A boycott of Israel by the European Union would cost billions according to a government-commissioned report, further details of which appeared in the Israeli media this week.
The study was initiated in 2013 by then-Finance Minister Yair Lapid, and examines possible scenarios based on different types of punitive measures.
In the least severe scenario envisaged, the EU would lead a voluntary boycott of Israeli settlements in the West Bank, leading to a loss to Israeli exports of around 1 billion shekels per annum.
Other scenarios envisaged include the EU blocking settlement products and a partial boycott from non-EU states, costing a NIS 4.37 billion drop in exports.

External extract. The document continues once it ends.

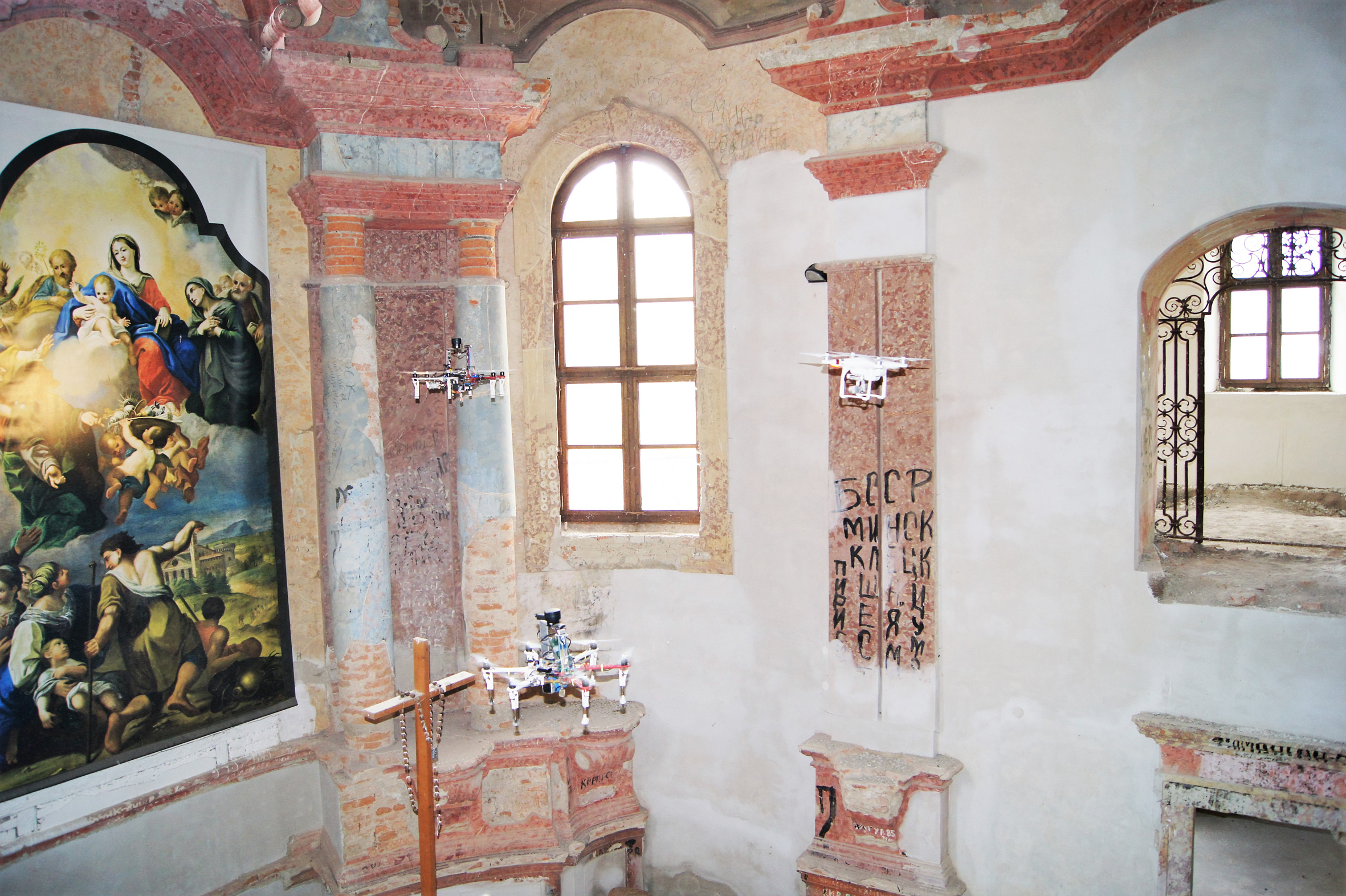 Ve spolupráci s technickovýzkumným týmem pro multi-robotické systémy z Katedry kybernetiky Českého vysokého učení technického v Praze proběhla experimentální vizuální dokumentace architektonických detailů poutního kostela ve Staré Vodě za pomocí zmíněných dronů. Podařilo se tak v krátkém čase získat velké množství dat podrobné dokumentace. Poskytnutá data zprostředkují jasnou představu o stavu nástropní i nástěnných maleb včetně štukové výzdoby, a poslouží jako podklady pro rozvahu o tom, které části výzdoby je nutné sanovat nejdříve. Mají pomoci vlastníku této památky i památkářům ke stanovení věcného i časového rámce pro harmonogram záchrany ještě dochovaných hodnot.

Israel’s worst case scenario would mean a complete embargo on Israeli products in Europe, with damage amounting to NIS 84.4 billion in lost exports, and a NIS 40 billion drop in GDP.

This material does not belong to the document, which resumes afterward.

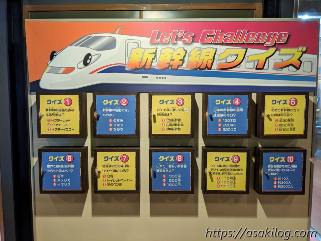 右の写真は、新幹線クイズ! 我が家の子どもは女の子なのでさっぱりでしたが、鉄道好きのお子さんなら盛り上がりそうです。
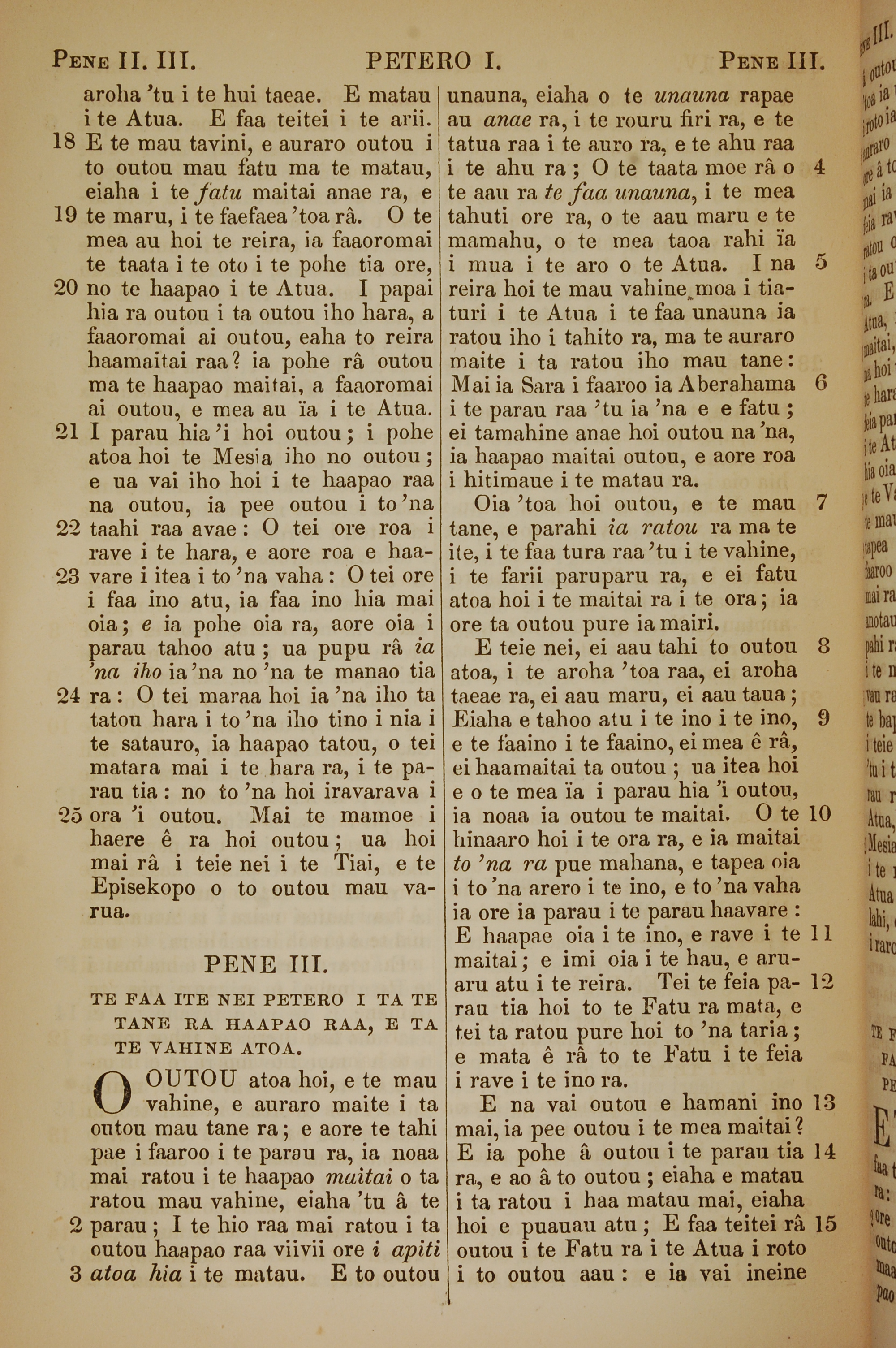 1853年塔希提語新約全書 彼得前書 2 章 18 節到 3 章 15 節

By way of background, the Finance Ministry report claims that “since the September 11 attacks, when Israel positioned itself with the West in the ‘war on terror,’ there has been a deterioration in Israel’s standing in the world, particularly in liberal circles.”
“Today, the issue of a boycott is being advanced by non-governmental organizations and promoted by people who enjoy high public profiles”, the report states.
Noting the experience of Apartheid South Africa, the report comments: “The tipping point in Israel’s international relationships could push Israel’s economy from its current growth path to another path in which the Israeli economy returns to be a relatively closed one and the quality of life is lower.”